To really hit on the idea of the changing landscape of fiction writing and reading, Pico included the type of device that the story was written on at the end of each story. “Most of them were written in text messages, netbooks, laptops, Blackberries, etc.”

Pico wanted everything to be digital for this publication, which is why he decided to publish it exclusively online. This is a growing trend in the world of publishing because not only is it cost-effective, but it’s simply more practical. Publishing is going the way of digital music. With the emergence of a new array of eReaders, there is finally a device on which we can enjoy our books digitally. This has opened up the possibility for anyone with the motivation and wherewithal to become a self-publisher.

“I think it’s bringing some of the power back to the writer, and pulling some away from the publisher,” says Pico. “If you really manage it right and have good material, and you have people talking about your work, I think it’s a good opportunity for up-and-coming writers.”

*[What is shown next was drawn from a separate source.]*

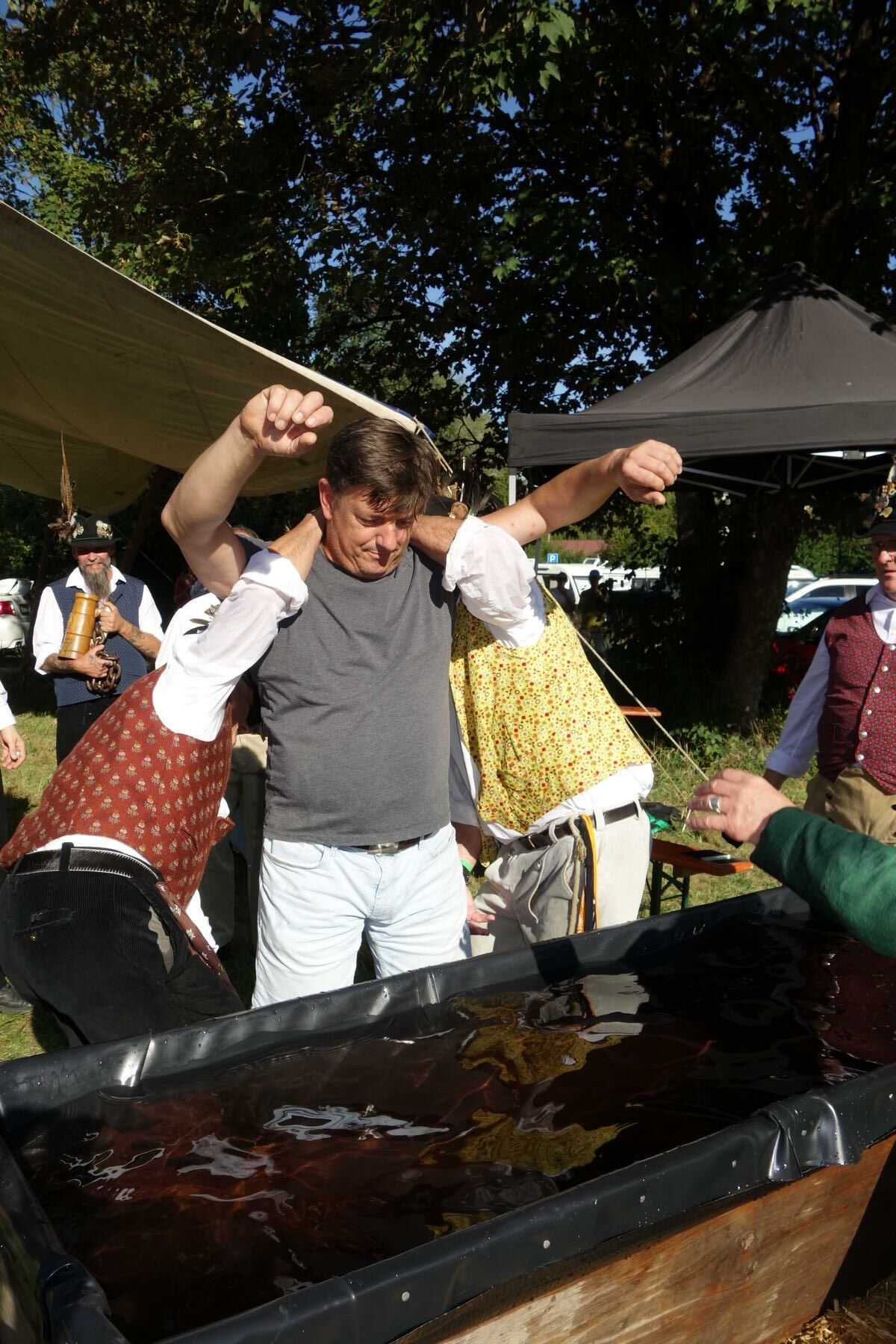 Zum Klang unserer Schwarze-Veri-Schalmeien und nach der Begrüßung unseres Zunftmeisters Jürgen Breg und Maskenmeister Markus Kraus wurden alsbald alle Neumitglieder von den Räubern eingefangen und sogleich vom Henker zur "Richtstätte" (in diesem Fall das Taufbecken) geführt. Nach der Präperation und dem Abschmecken des Taufwassers mit der berüchtigten "Schwiegermuttermilch" wurde unter der Anfeuerung der anwesenden Gäste von den Räubern gehoben, gelupft, versenkt, gewaschen, getrocknet, gestempelt, getränkt und in den Reihen der Zunft aufgenommen. Ab und an muss sogar noch "notgetauft" werden ... was unsere neue Hexenführung erfahren durfte. Ab und an reicht halt eine Taufe nicht ...
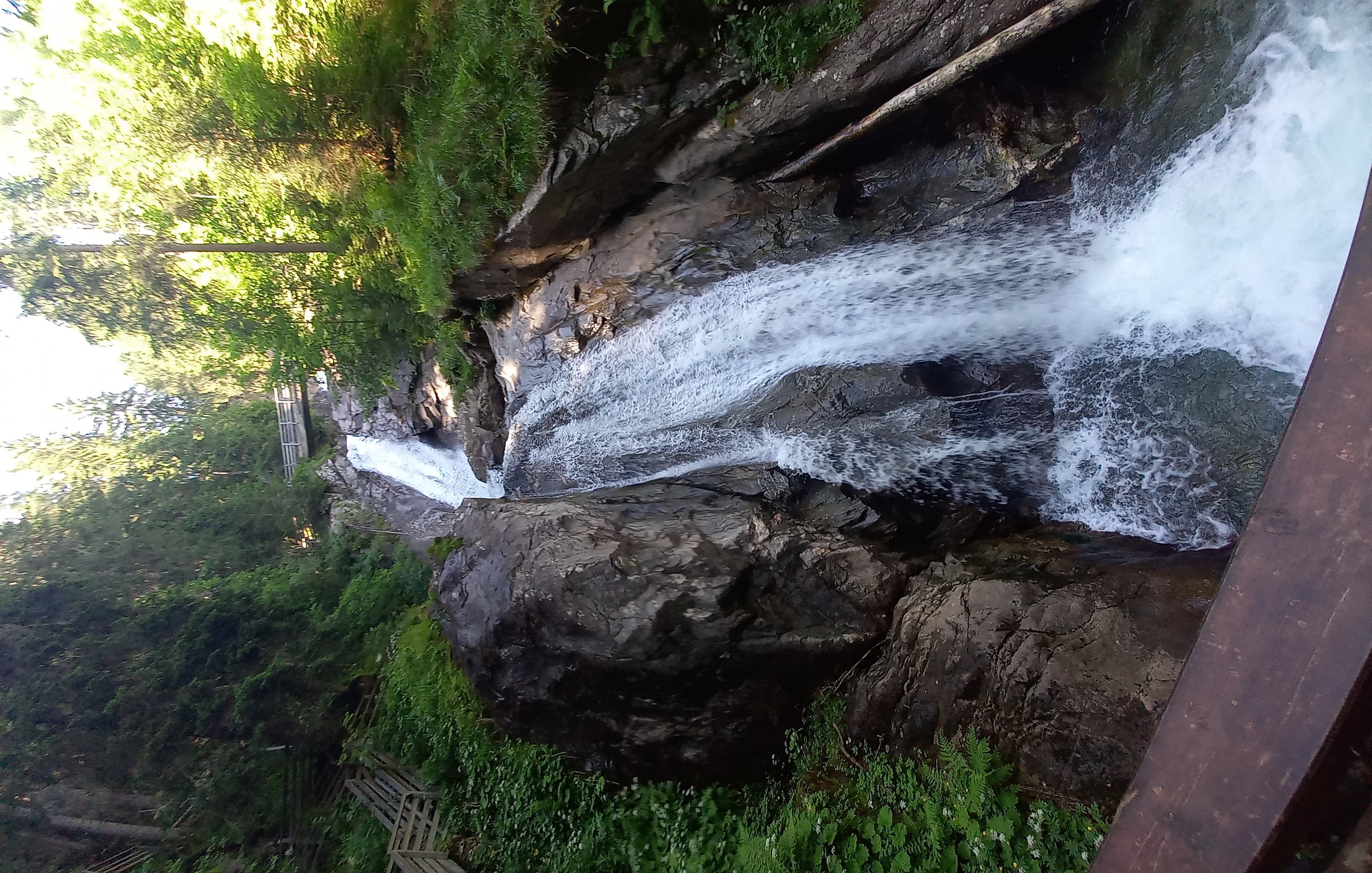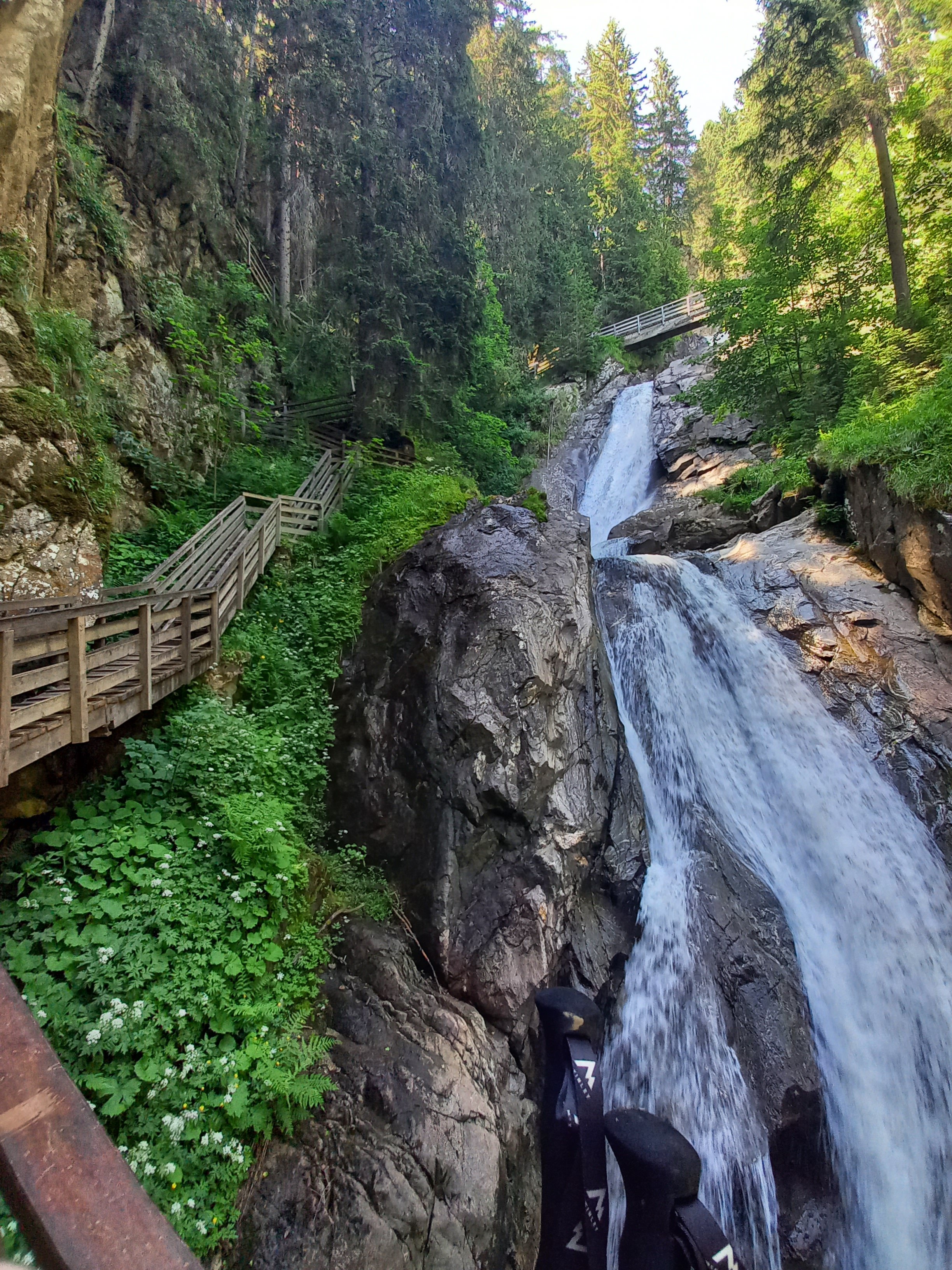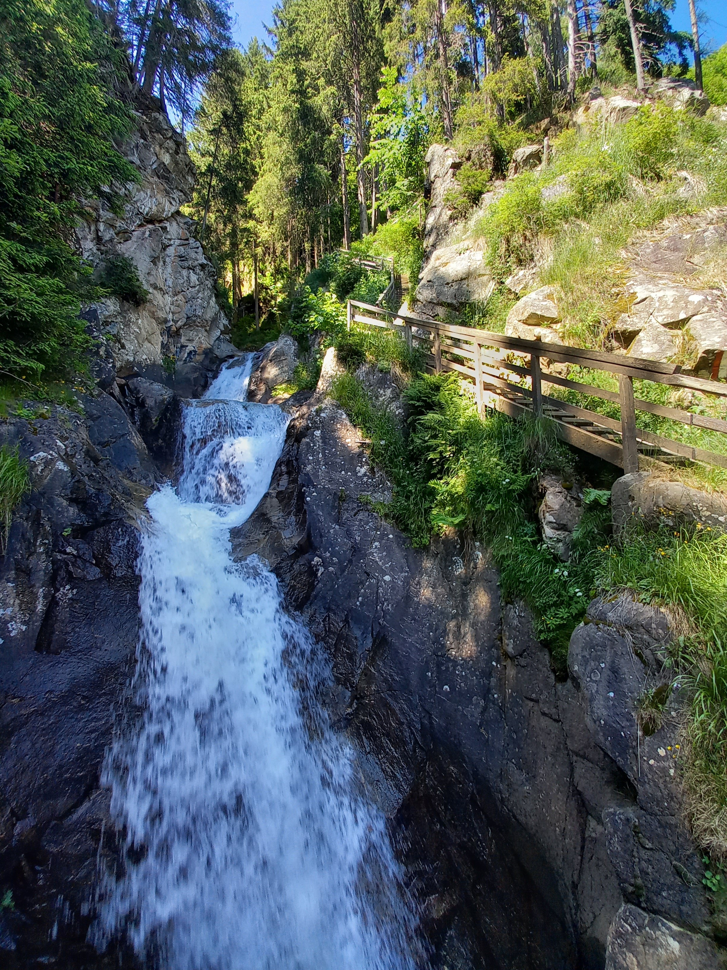 Én is megérkeztem a Günster vízeséshez. Pofátlanul felmentem a Gasthof parkolójába, mert nem volt kedven a tűző napon gyalogolni. Iszonyú meleg volt. Összepakoltam, és elindultam. Megkockáztattam a szandált. Lementem a patakhoz összevizezni magam, ki tudja, lehet-e majd később. Innen egy részen az erdőben haladt az út, majd lépcsőkön. Még a sziklák közt pancsoltam kicsit, aztán jöhet az emekedő. Rögtön az elején lehetett látni szinte az egész vízesést. De lemenni sehol nem lehetett. A hídról fotóztam párat, aztán még feljebb másztam. Nem kellett volna. A vége le volt zárva :( Lefele erősen remegtek már a lábaim :( Megálltam egy padnál pihenni és csodálni a felhőképet. Tökéletes volt! Sajna nem volt téereőm megnézni, hogy merre repülnek.

Pico plans to make his book available on Amazon by the end of January, making it accessible to anyone with an eReader and $2.99. Pico sees this as not only the natural course for publishing, but also as smart and practical. “This is [a] new commercial way of writing, and that link between reader-writer is changing. … Kids nowadays, they don’t have the desire to go to the library and carry around a book. Now they just want to carry them all in their iPhone or Kindle.”

Essentially, people are looking for fiction that fills those cracks, those brief moments on the bus in silent contemplation, or waiting at Gate B before your flight. And new crops of young writers, like Pico, are looking for a better way to inject themselves, if even only briefly, into the lives of potential readers, and increasingly so on their own terms.

“Publishing online is the most democratic way of publishing,” says Pico. “Because who is holding you accountable for good writing? The reader.”